Marginal Stability of Microturbulence near ITB Onset on Alcator C-Mod

Authors: J.A. Baumgaertel, M.H. Redi, R.V. Budny, D.C. McCune, W. Dorland, and C.L. Fiore

Date of PPPL Report: August 2004

Insight into microturbulence and transport in tokamak plasmas is being sought using linear simulations of drift waves near the onset time of an internal transport barrier (ITB) on Alcator C-Mod. Microturbulence is likely generated by instabilities of drift waves and causes transport of heat and particles. This transport is studied because the containment of heat and particles is important for the achievement of practical nuclear fusion.

We investigate nearness to marginal stability of ion-temperature-gradient (ITG) modes for conditions in the ITB region at the trigger time for ITB formation.

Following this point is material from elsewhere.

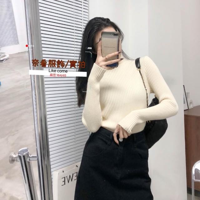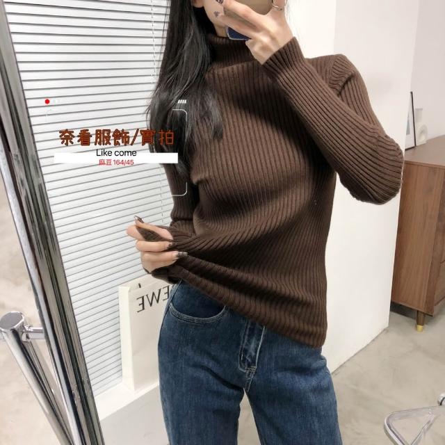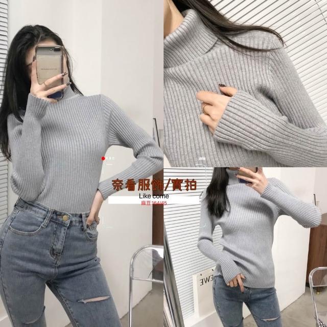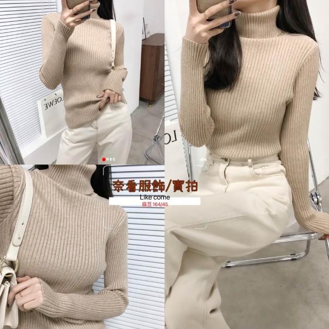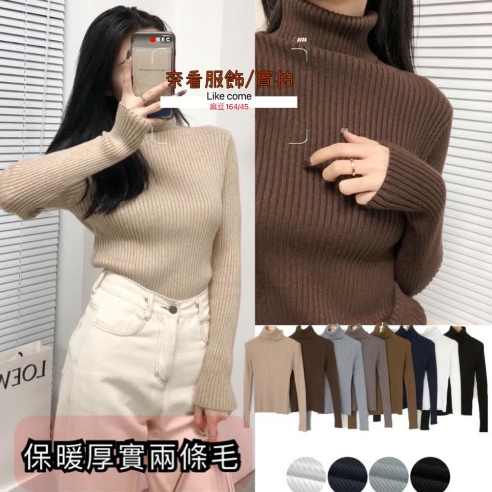 奈看服飾 現貨+預購 超彈力!厚實二條毛保暖反褶高領坑條修身毛衣/多色可選
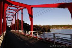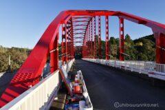 地図を見るとさらに西側の亀山2号橋まで行って大回りできるけど、時間がないのでこの辺りで湖一周を完結させよう。押込橋からは、赤い亀山水天宮鳥居と赤い川俣大橋が見える。そしてこれから渡る橋も赤いアーチ橋。どうやら亀山湖にかかる橋は赤で統一されているようだ。

Data from C-Mod, analyzed by TRANSP (a time-dependent transport analysis code), is read by the code TRXPL and made into input files for the parallel gyrokinetic model code GS2. Temperature and density gradients in these input files are modified to produce new input files.

Results from these simulations show a weak ITG instability in the barrier region at the time of onset, above marginal stability; the normalized critical temperature gradient is 80% of the experimental temperature gradient. The growth rate increases linearly above the critical value, with the spectrum of ITG modes remaining parabolic up to a multiplicative factor of 2. The effect of varying density gradients is found to be much weaker and causes the fastest growing drift mode to change from ITG to trapped-electron mode character. Simulations were carried out on the NERSC [National Energy Research Supercomputer Center] IBM 6000 SP using 4 nodes, 16 processors per node. Predictive simulations were examined for converged instability after 10,000-50,000 time-steps in each case. Each simulation took approximately 30 minutes to complete on the IBM SP.